No período que compreende a sua busca religiosa e posterior conversão, Gabriel Marcel publicará, em 1935, uma das suas maiores obras: “Être et avoir”. Obra na qual fala da existência como “encarnação”, ou seja, da existência corporal como inserção no mundo e ao mesmo tempo como abertura ao Absoluto, recuperando as categorias de “mistério” e “ser” em oposição a “problema” e “ter”, que já havia definido em “Positions et approches…”.

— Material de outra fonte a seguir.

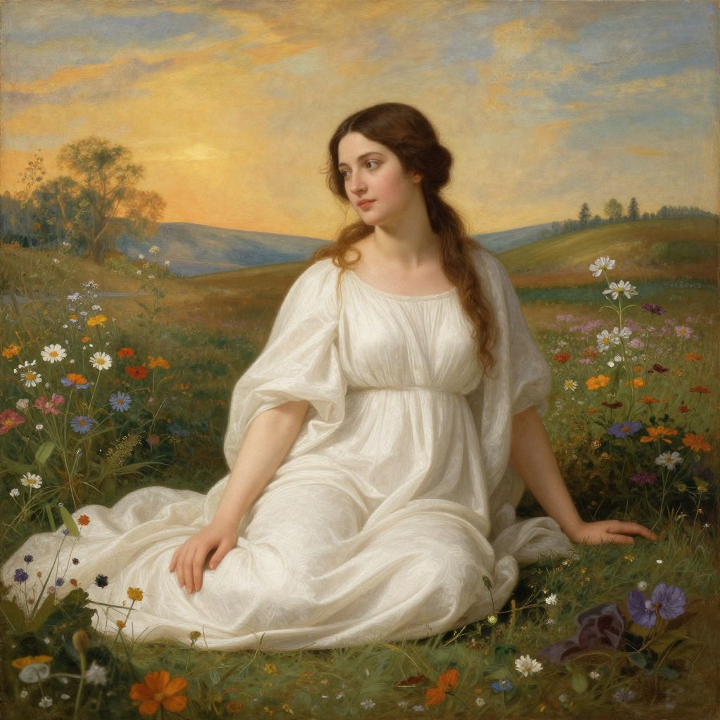 A serene digital artwork reminiscent of Renaissance portraiture, featuring a woman in a flowing white gown sitting amidst a vibrant meadow of wildflowers under a golden-hour sky, evoking the timeless elegance of \"Madonna in the Meadow\" by Raphael.
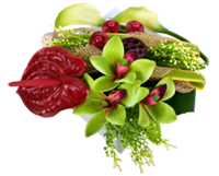 | Plateau carré ultraplat vert Plateau carré ultraplat avec cymbidiums, anthuriums et arums dans contenant lesté - Coloris vert - Dimensions 35 x 28 cm et H 13 cm -

Terminada a II Guerra Mundial (1945), Gabriel Marcel proferiu as “Gifford’s Lectures” em Aberdeen, na Grã-Bertanha, nos anos de 1949-1950. Entre 1950 e 1951 publica “O Mistério do Ser”, em dois volumes. Deu ainda as “William James Lectures”, nos Estados Unidos da América, em 1961. Além do título de doutor “honoris causa” conferido pelas Universidades de Tóquio, Salamanca e Paul (EUA), recebeu ainda o prémio da Literatura da Academia Francesa (1948), o Grande Prémio Nacional de Letras (1958) e o Prémio Erasmo (1969).
Gabriel-Honoré Marcel morreu a 8 de outubro de 1973 de ataque cardíaco, na cidade de Paris. Teve exéquias solenes na Igreja de São Sulpício, presididas pelo Cardeal Jean Daniélou. Repousa no cemitério de Trocadero, em Paris.